Suppose that $G$ is a group. Then a $G$-multi-antiquandle is an algebraic structure
$(X,(*_{g})_{g\in G})$ that satisfies the following identities:
$x*_{e}y=y$
$x*_{f}(x*_{g}y)=x*_{fg}y$
$(x*_{f}y)*_{g}z=(x*_{g}z)*_{f}(y*_{g}z)$
$x*_{f}x=x$.
whenever $x,y,z\in X,f,g\in G$.
Our artificial intelligence techniques easily generalize to generating $G$-multi-antiquandles even when $G$ is a non-abelian group.

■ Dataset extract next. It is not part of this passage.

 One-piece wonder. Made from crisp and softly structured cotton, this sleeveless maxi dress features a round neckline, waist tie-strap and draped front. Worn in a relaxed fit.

The way to do this is to first choose a finitely generated free group $F$ and use our artificial intelligence algorithm to produce an $F$-multi-antiquandle $(X,(*_{f})_{f\in F})$ where $X$ is finite. Then there is a normal subgroup $N$ such that $F/N$ is finite and where we can define an $F/N$-multi-anti-quandle $(X,(*_{fN})_{f\in F/N})$ simply by setting $*_{fN}=*_{f}$ for each $f\in F$.

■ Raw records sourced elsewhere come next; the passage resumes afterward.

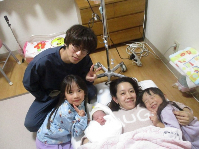 本陣痛なのか判断に迷いつつの入院でしたが、自然に陣痛が強くなりました。家族が立ち会いに間に合うか心配でしたが、無事パパと2人のお姉ちゃん、おばあちゃんが見守る中、元気な男の子が生まれました。
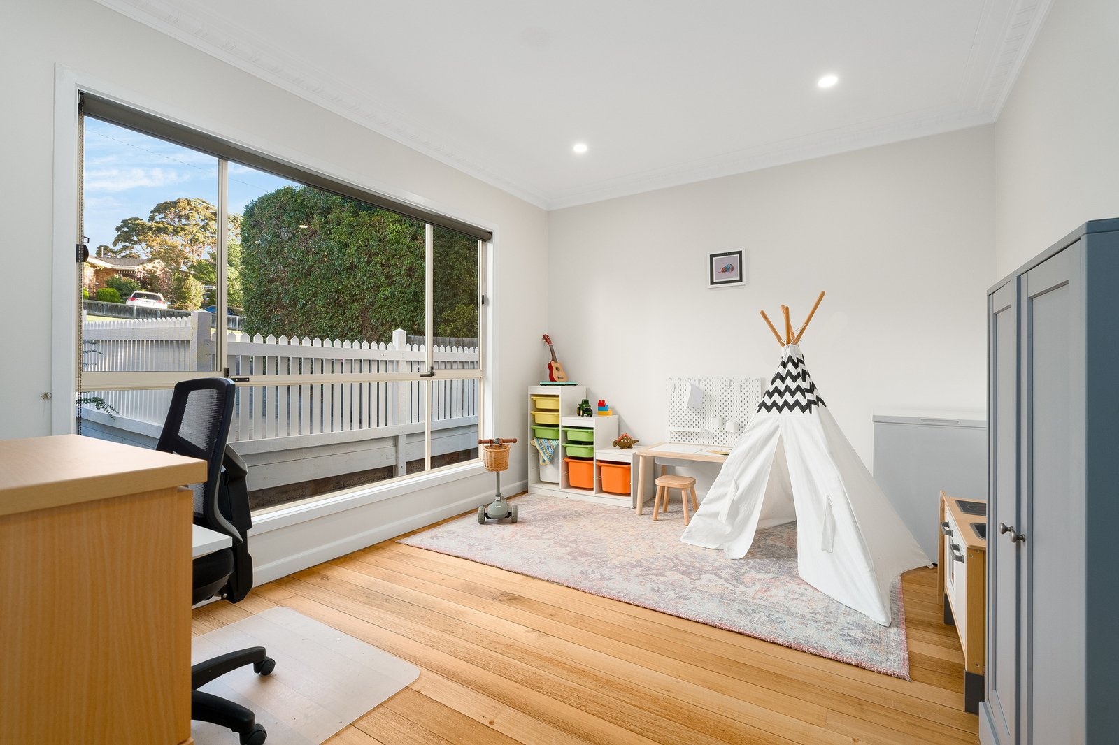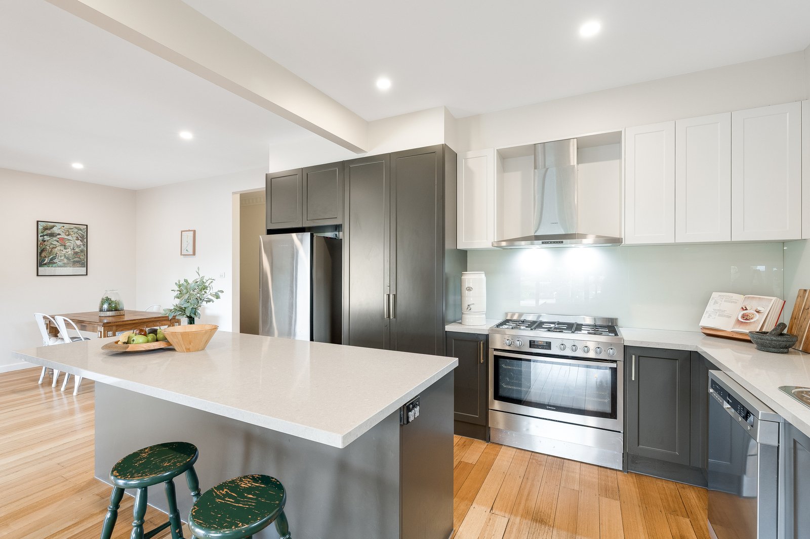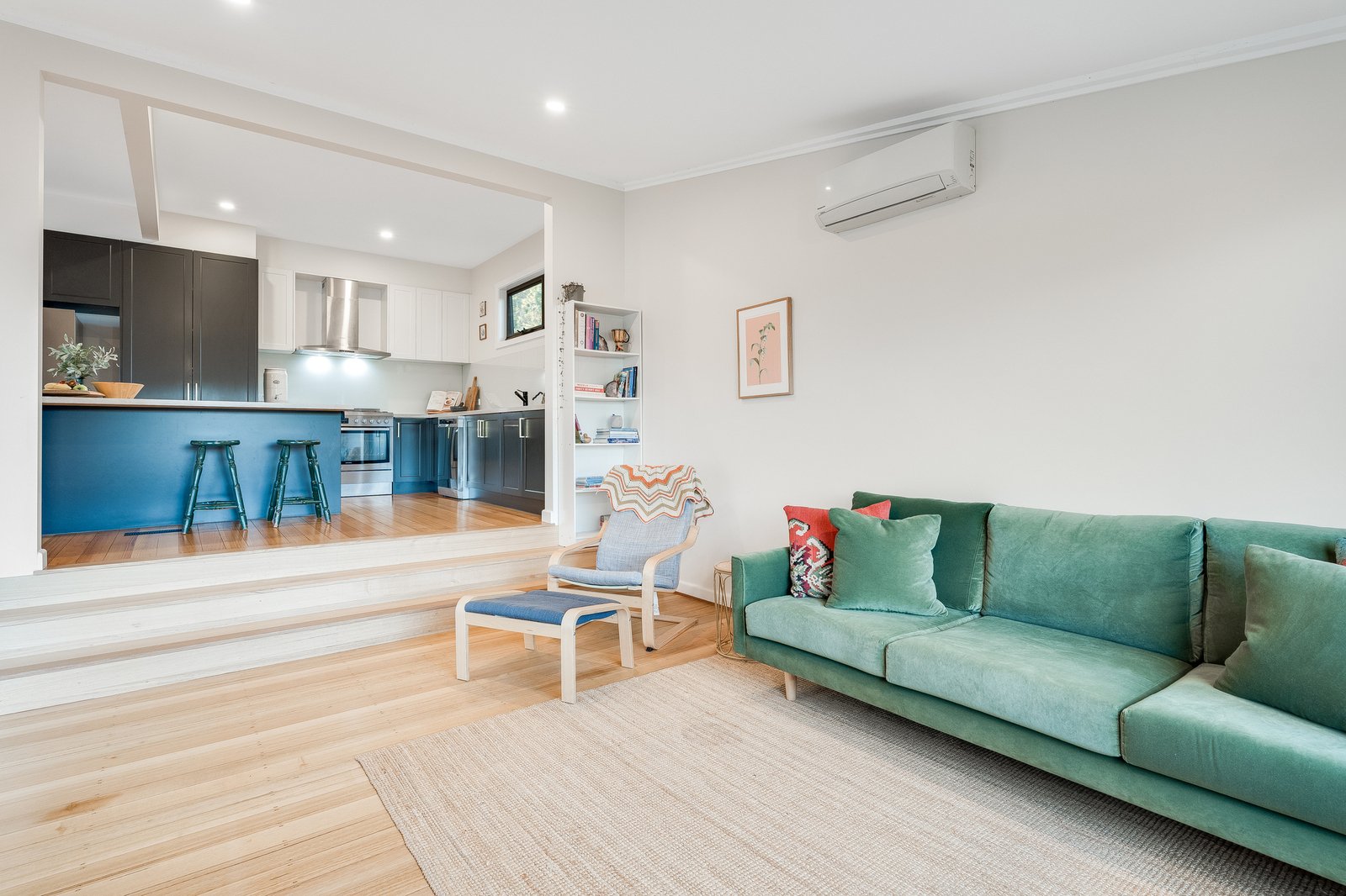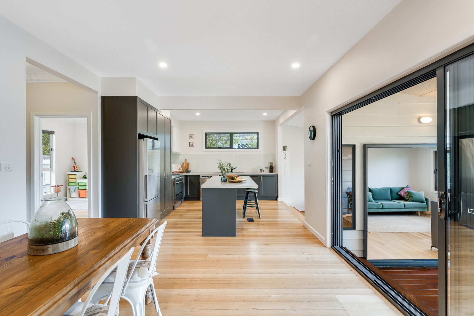 Inside, the home reveals four well-proportioned bedrooms and two bathrooms, with a stunning renovated kitchen forming the heart of the home. Designed for both practicality and connection, the kitchen overlooks a light-filled open plan dining and living area, creating the perfect hub for everyday family life and entertaining. Large windows flood the space with natural light while enhancing the sense of openness throughout.
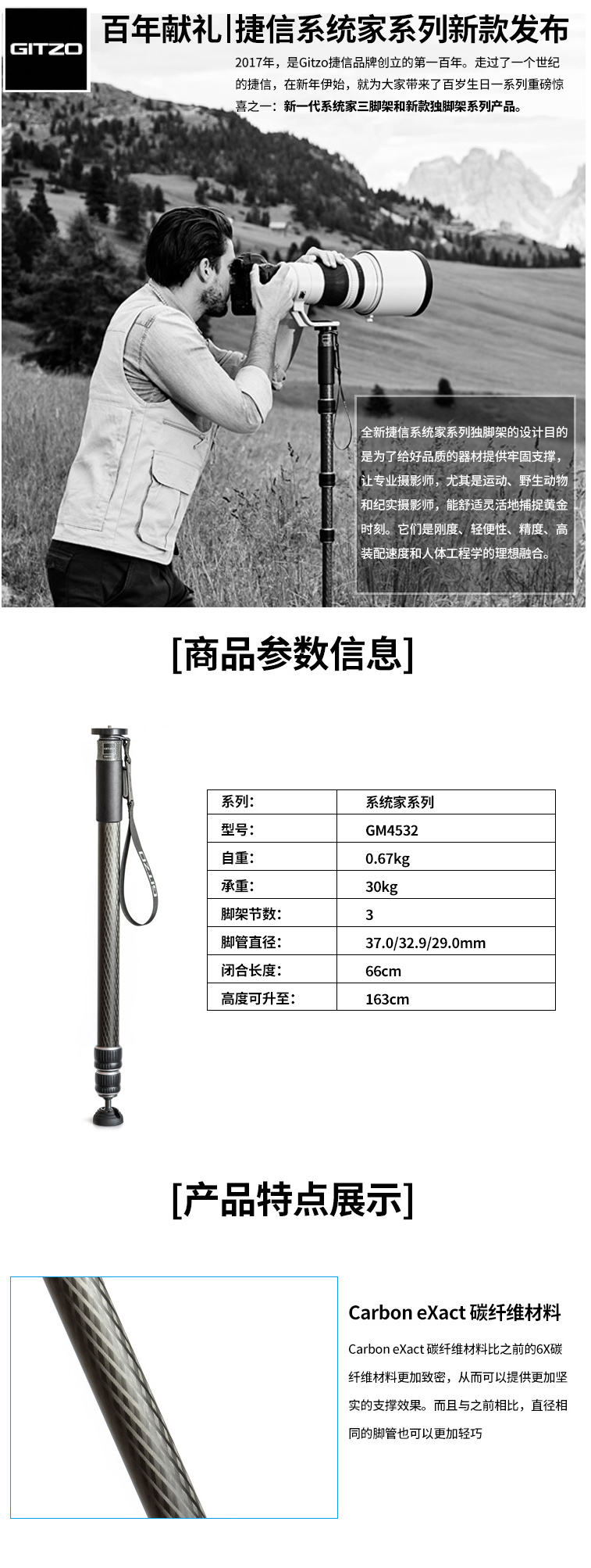 捷信 GITZO GM4532 163cm 工作高度 系统家 碳纤维 独脚架 3节 eXact碳素 摄影 数码 单反 相机 支架 捷信4系3节碳纤维独脚架

Suppose that $X$ and $I$ are finite sets. Suppose that $g_{x,i}:X\rightarrow X$ is a permutation for $x\in X,i\in I$ and that $x*_{i}y=g_{x,i}(y)$ whenever $x,y\in X,i\in I$. Then define a loss function $L$ by letting
$$L((X,*_{i}))=|\{(i,j,x,y,z)\mid i,j\in I,x,y,z\in X,(x*_{i}y)*_{j}z\neq(x*_{j}z)*_{i}(y*_{j}z)\}|$$
$$+|\{(i,x)\mid i\in I,x\in X,x*_{i}x\neq x\}.$$
By minimizing the loss function $L$, one should obtain an algebra $(X,(*_{i})_{i\in I})$ with $(X,(*_{i})_{i\in I})=0$. Now, let $F$ be the free group generated by $(z_{i})_{i\in I}$. Then if $v=z_{i_{1}}^{\alpha_{1}}\dots z_{i_{n}}^{\alpha_{n}}$, then define
$x*_{v}y=g_{x,i_{1}}^{\alpha_{1}}\cdots g_{x,i_{n}}^{\alpha_{n}}(y)$. Then
$(X,(*_{v})_{v\in F})$ should hopefully be an $F$-multi-anti-quandle.
I am sure there is an interesting theory behind the $G$-multi-anti-quandles, but I do not think anyone has studied these kinds of structures before.